**Goal of the exercise**
Output exactly, and only, the lines below from the one with "Vintage Cardigan Sweater" down to the one with "CLOSESold outLot 050". Include both end lines and no pictures.

== Dataset excerpts ==

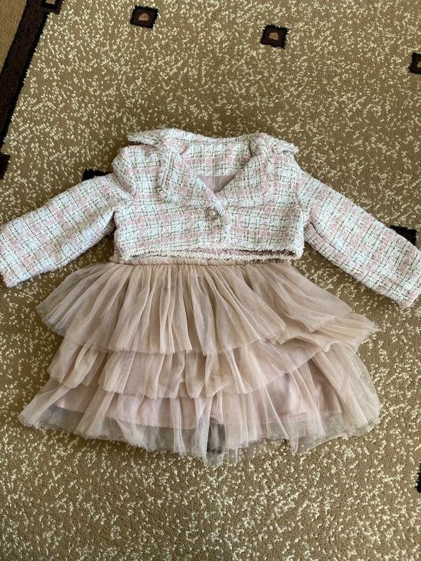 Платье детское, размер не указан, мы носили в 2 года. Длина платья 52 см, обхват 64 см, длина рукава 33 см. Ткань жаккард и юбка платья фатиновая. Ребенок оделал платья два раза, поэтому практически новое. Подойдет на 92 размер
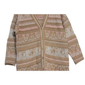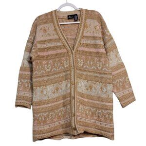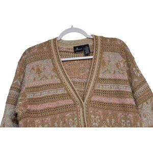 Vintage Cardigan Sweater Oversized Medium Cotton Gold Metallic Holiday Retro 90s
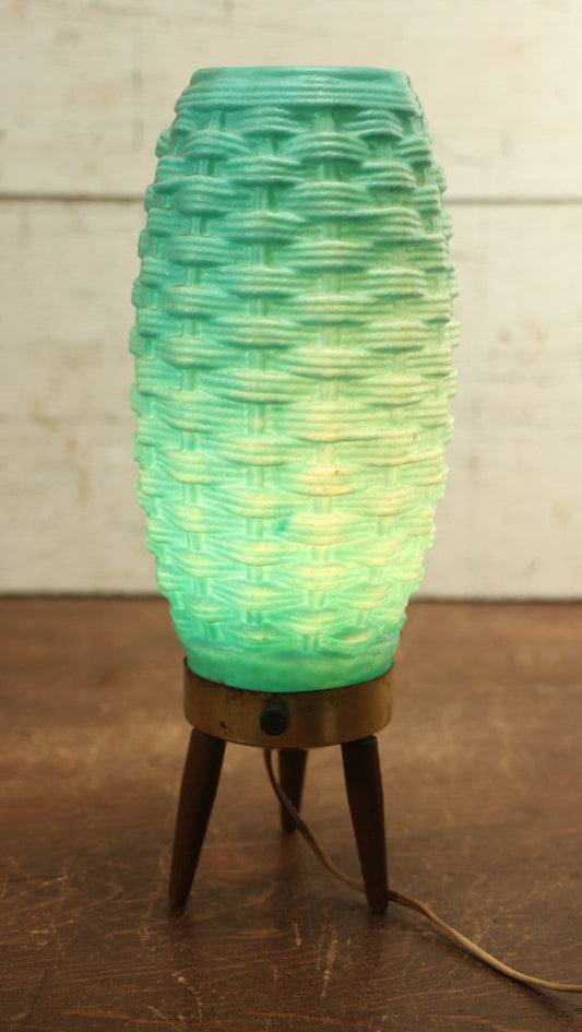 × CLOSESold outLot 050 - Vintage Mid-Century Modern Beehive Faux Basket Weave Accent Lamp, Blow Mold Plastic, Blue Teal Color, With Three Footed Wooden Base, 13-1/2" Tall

===
== Dataset excerpts ==

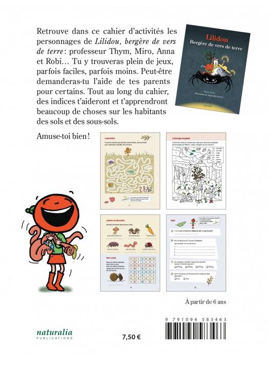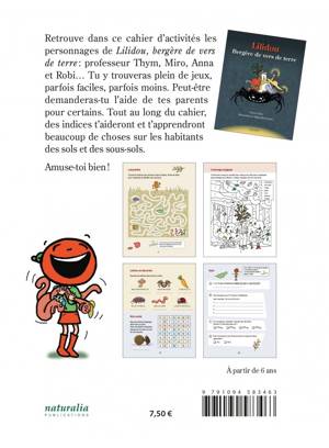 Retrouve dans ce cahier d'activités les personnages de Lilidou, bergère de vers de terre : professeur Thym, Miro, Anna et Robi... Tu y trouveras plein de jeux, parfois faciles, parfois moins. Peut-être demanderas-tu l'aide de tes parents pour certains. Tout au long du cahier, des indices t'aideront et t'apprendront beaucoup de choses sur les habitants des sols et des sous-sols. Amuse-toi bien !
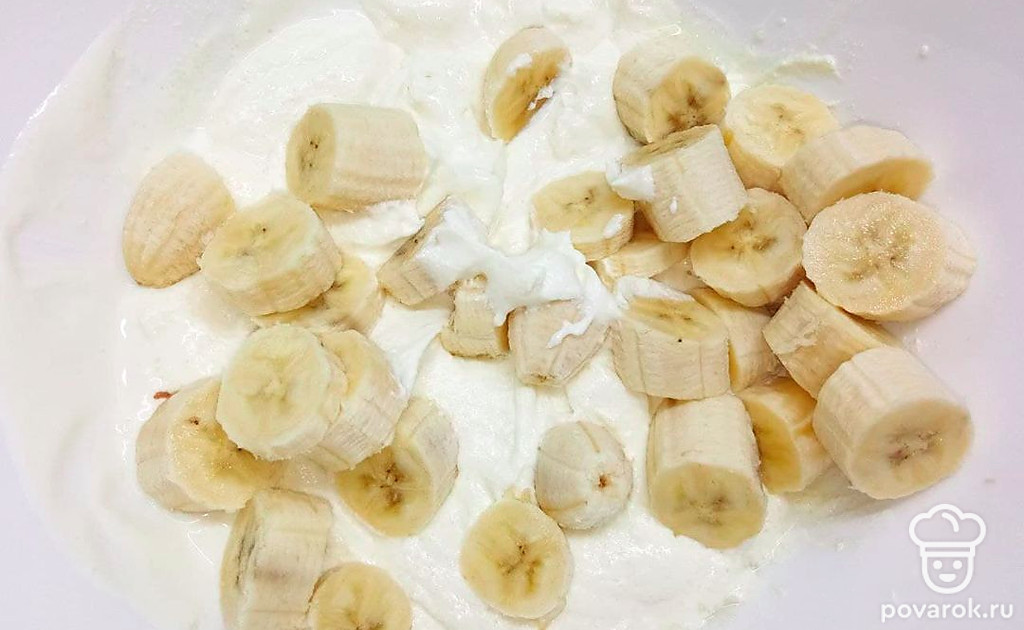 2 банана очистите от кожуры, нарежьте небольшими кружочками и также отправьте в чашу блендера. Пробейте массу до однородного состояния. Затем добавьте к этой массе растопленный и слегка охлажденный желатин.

===

**Exercise answer**
 Vintage Cardigan Sweater Oversized Medium Cotton Gold Metallic Holiday Retro 90s
 × CLOSESold outLot 050 - Vintage Mid-Century Modern Beehive Faux Basket Weave Accent Lamp, Blow Mold Plastic, Blue Teal Color, With Three Footed Wooden Base, 13-1/2" Tall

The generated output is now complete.